For a year now I've been using my EDP with Sonar running on a Windows XP
machine and have been experiencing inconsistent behavior from it.  I have
sent a lot of mails to the list describing various problems I have had and
either bored, or stumped everyone into mostly silence.

I do a one-man-band thing with sequenced backing tracks which include EDP
control commands written into them to record and playback parts of the song
which I "play in."  No matter what I would do, the commands written into 
the
sequencer would never work the same twice.  Or, if they did twice, they
wouldn't a third time.  If Quantize was ON, sometimes it would quantize to
the bar, sometimes it would quantize to a beat after, sometimes it would be
a bar late.  If Quantize was OFF, sometimes it would trigger on time with
the sequencer, sometimes it would trigger late, and sometimes it would
trigger early.  I found it weird that to get commands to sound "on the 
beat"
I would have to turn Quantize off, and then move the trigger note to the 
"a"
(1e&a) of beat four.

Anyway, there was a recent discussion on the list about Mac vs. PC 
regarding
audio and MIDI latency which got me thinking...  The timing master in Sonar
is set to my main audio interface's digitial audio driver.

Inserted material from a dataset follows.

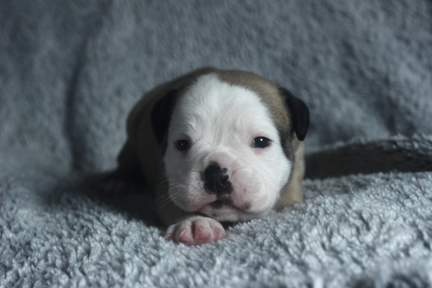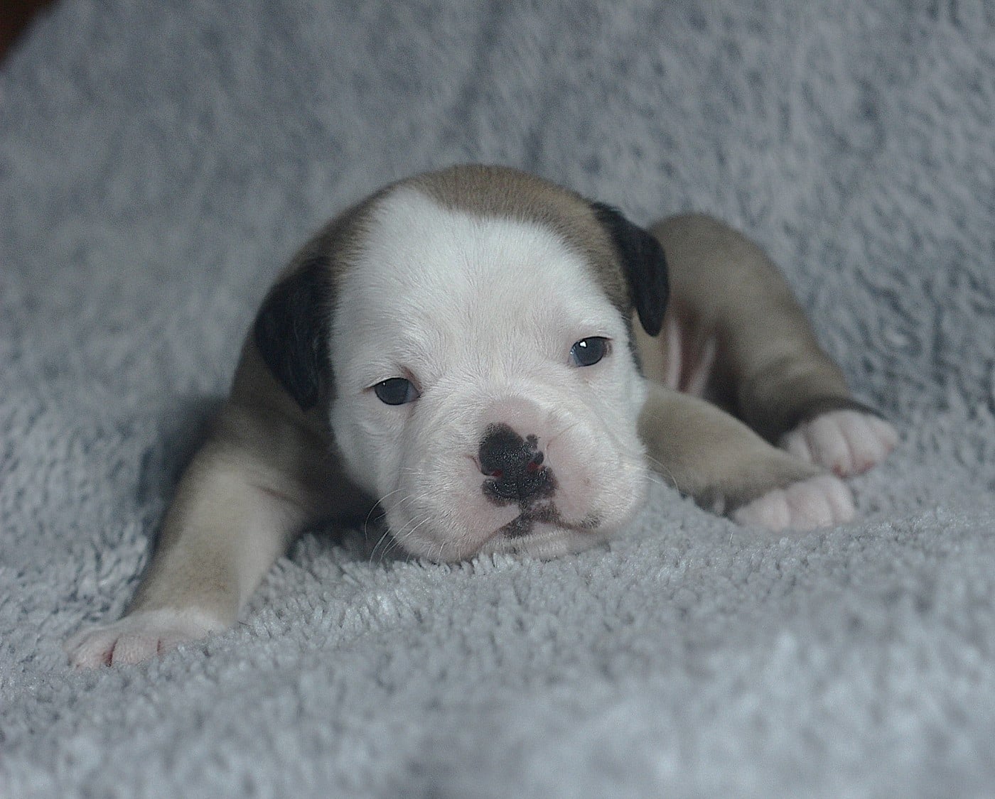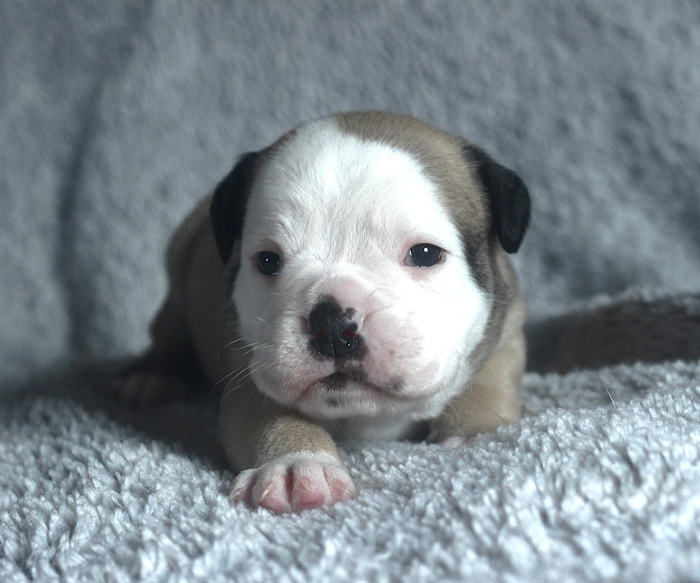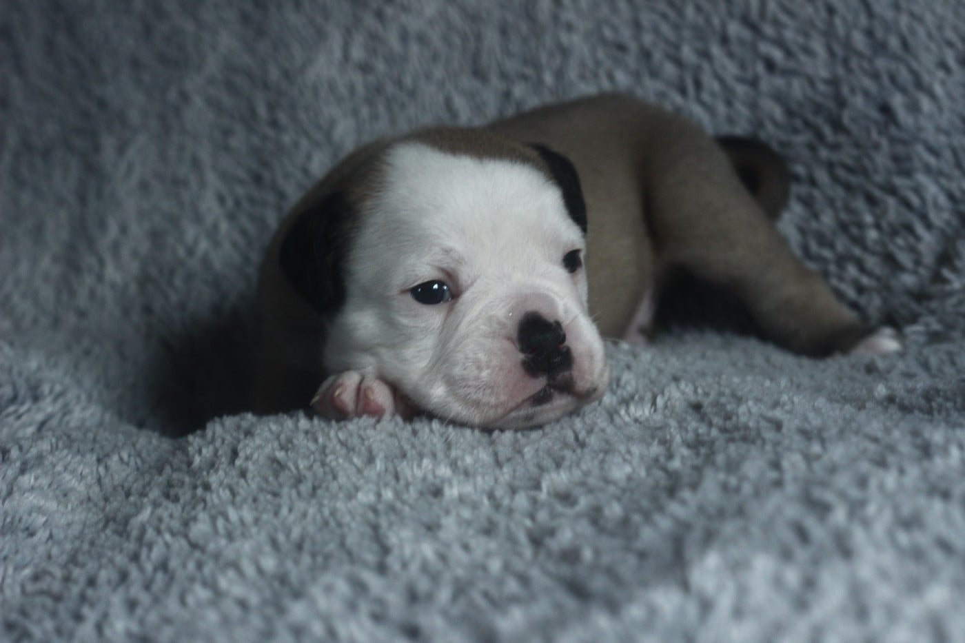 Chiots Bulldog continental CHIOT 3 collier jaune des Chtis Contis

QUESTION(S):  Is the sequencer (Sonar) sending MIDI data late or early to
make up for latency of the audio tracks in a sequence?  Is this
lateness/earliness variable, or a fixed amount of time?  Could this be
causing the seemingly erratic behavior of sequenced EDP commands?  In the
Mac/PC discussion on latency there was some discussion about Windows
inducing another level of latency to MIDI data, which Macs somehow bypass.
Is there any way of measuring this latency?